Gareth stumbled past the door of the chamber he had occupied since he was a boy, then backed up. He groped for the handle. His head rapped the door frame as he ducked through the door. Groaning, he kicked the door shut then stood with head down like an ox ready to charge. The ale he had consumed to blunt his anger might as well have been water. His fury churned anew at the sight before him.
Rowena did not pace before the fire wringing her hands. Nor did she cower at the window, her brow darkened with distress. Instead she lay sleeping, nestled in the center of the vast bed like an angel in a cloud of fur. Her golden hair roamed untrammeled across his pillow. Her brow was smooth and sweet, untroubled by even the hint of fretful dreams. The sheer audacity of it dragged a growl from deep in Gareth's throat.
With one hand, he grasped the edge of the furs beneath her and jerked. Rowena rolled rudely onto the floor.
"Ha!" Gareth hoisted the pelts like a flag of triumph.
Rowena sat up, blinking and rubbing her elbow. The sight of Gareth would have quelled his staunchest adversary. He stood with feet slightly apart, his usually impeccable garments rumpled and stained. His hair stood out in wild tufts, untamed by fingers or comb. The scent of danger rolled off him with the scent of ale.
"My bed," he snarled through bared teeth.
He drew his surcoat and tunic over his head before tossing the pelts back toward the bed. Without removing his hose, he threw himself after them. The bed rocked with his weight.

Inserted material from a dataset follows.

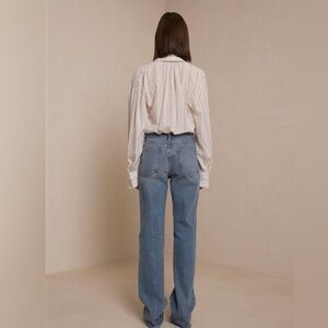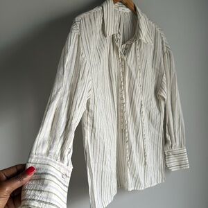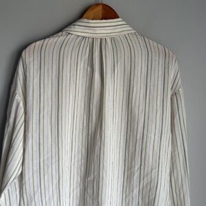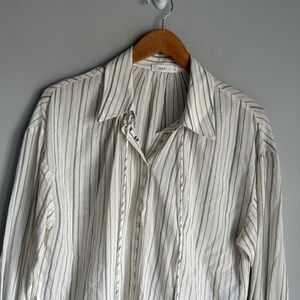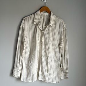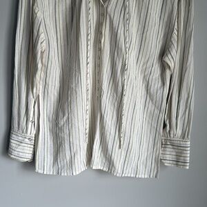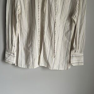 A.L.C. "Carissa" striped top Spread collar with ties; snap front Long sleeves; snap cuffs Relaxed fit Viscose/cotton Made in USA from imported materials

Rowena sat in wide-eyed silence for a moment, pondering his timely disappearance. She shrugged and curled up on the stones with no pelts to cushion or cover her. Shivering, she rolled to her back. She had never realized how many sharp edges the stones possessed. A solid lump poked at the base of her spine. Despite her discomfort, a perverse calm claimed her.
"You had no right," she said softly.
She was hardly aware she had spoken aloud until Gareth's incredulous face appeared over the edge of the bed. "What did you say?"
She met his gaze with perfect serenity. "I said you had no right. To touch me that way in front of my papa."